You might have shorter accumulation periods, interspersed with withdrawal periods. Perhaps you have already worked for 10 years, but your firm gives you a two-year break to recharge and spend time with your children. You then go back to work for five years, before taking a year off to volunteer at a local charity.
Savings schemes have been designed for these situations. In the Netherlands, the government once tried out a “life course savings scheme” to encourage employees to save or invest to fund periods of unpaid leave. The scheme was merged into another one, which was not introduced due to funding concerns.
In Singapore, a scheme that has the potential to benefit people through periods of unemployment is the Supplementary Retirement Scheme (SRS), though it was not specifically designed for this purpose. In the SRS, contributions are tax-deductible but taxed as income upon withdrawal. Incentives are skewed to promote withdrawal after retirement, such as a 5 per cent penalty on early withdrawal before retirement age.
But if you contribute in your 20s and 30s from a tax bracket of above 5 per cent, you can still viably use SRS savings before retirement as a backup source of basic income if you become unemployed in your 40s or 50s. While there is scope for the early withdrawal penalty to be tweaked, I am not a fan of the idea of expanding the scheme Dutch-style yet. This is due to excess bureaucracy concerns.
The idea, as some tax specialists have recommended, of increasing the SRS contribution limit or allowing people to contribute to the SRS of family members should also be shot down. Such suggestions mostly benefit high earners, who already use the SRS as a tax shelter. As it is, the government will already be spending more in the years ahead due to the needs of an ageing population. Everybody needs to pay their fair share of taxes.
A new model of work
And Singaporeans arguably don’t need to be further encouraged to save. Rather, they need to be prodded to keep learning to stay relevant to the world. The SkillsFuture account introduced recently works towards this philosophical aim. As people practise lifetime learning, the traditional retirement age of 62 or 65 might no longer apply. One might continue doing part-time work one enjoys long after “retiring” from full-time work at age 50, all the way till one’s 80s.
A new model of work, education and leisure will have profound implications for people planning their personal finance journeys. For starters, if people can indeed find work in their 60s and 70s – a very big if – a retirement “number” in the millions one needs to hit before 62 becomes less relevant.

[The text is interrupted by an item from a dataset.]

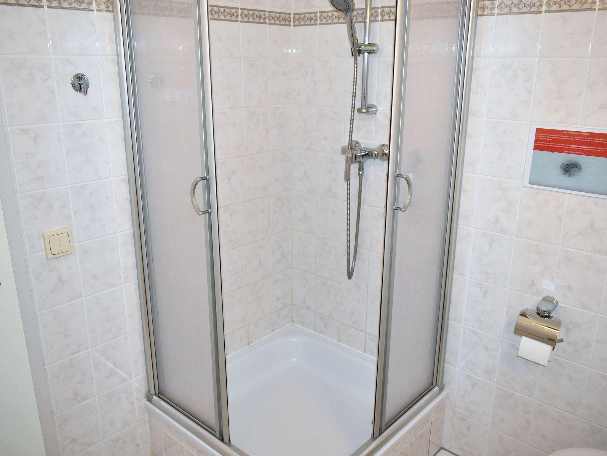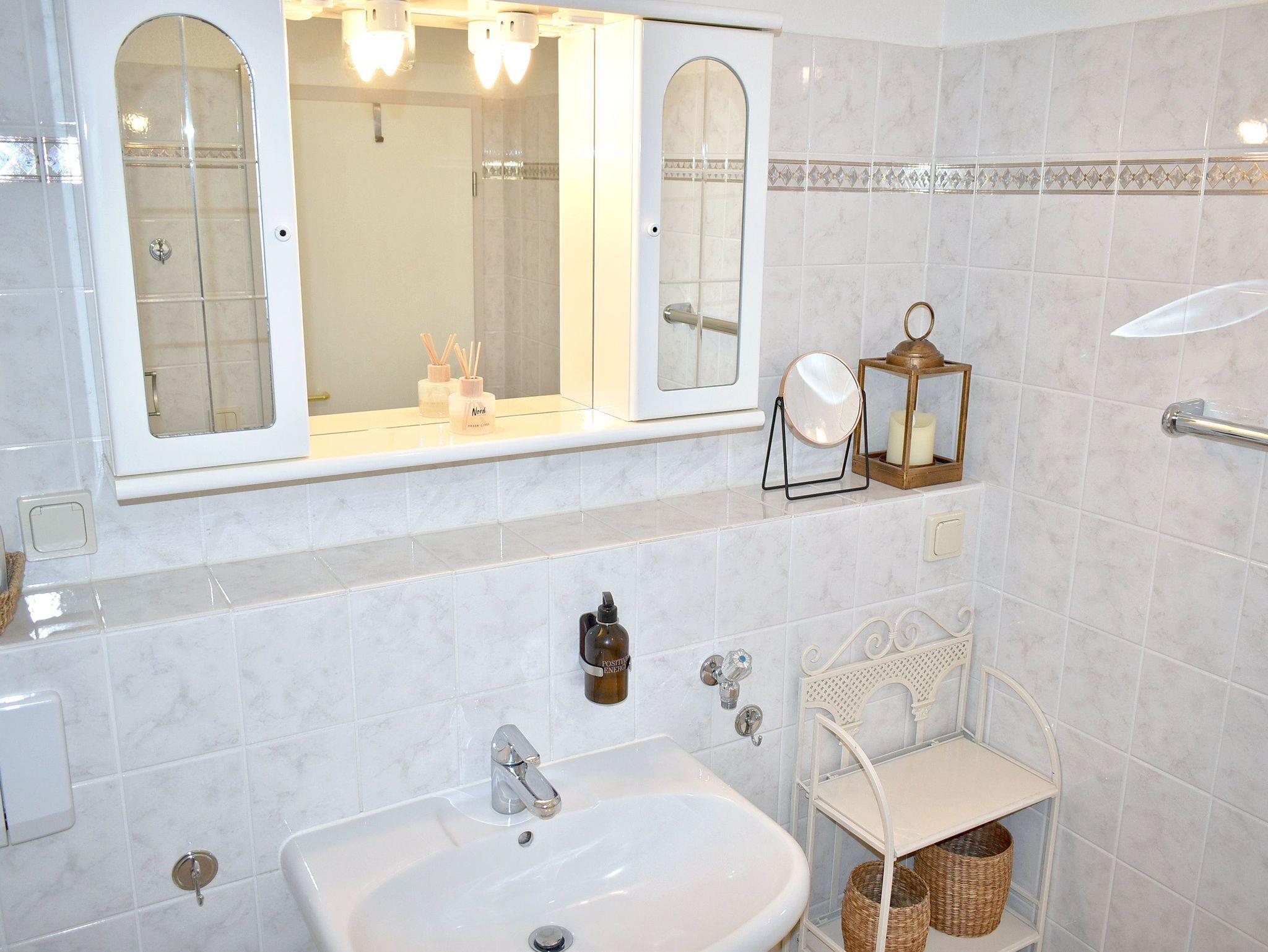 Bad 1: Dusche, Duschkabine, Fön, Kosmetikspiegel, Regal, Spiegelschrank, Waschbecken, WC

Secondly, one cannot just invest in stocks, even though their returns are superior to bonds going by past performance. Bonds of shorter-term tenures will rise in importance as people buy them to get some returns while possibly liquidating them in a few years’ time to pursue other goals.
Finally, the role of the Central Provident Fund (CPF) can evolve further. Its original purpose of providing for a basic retirement might change to providing for basic needs during periods when one is without income.
The need to draw from one’s CPF can arise when one is 40, 60 or 80.
Retirement doesn’t have to begin from 62. Neither should retirement be a permanent condition.
Whatever people do, the crux is to stay healthy in body, mind and spirit. One’s retirement security will then take care of itself.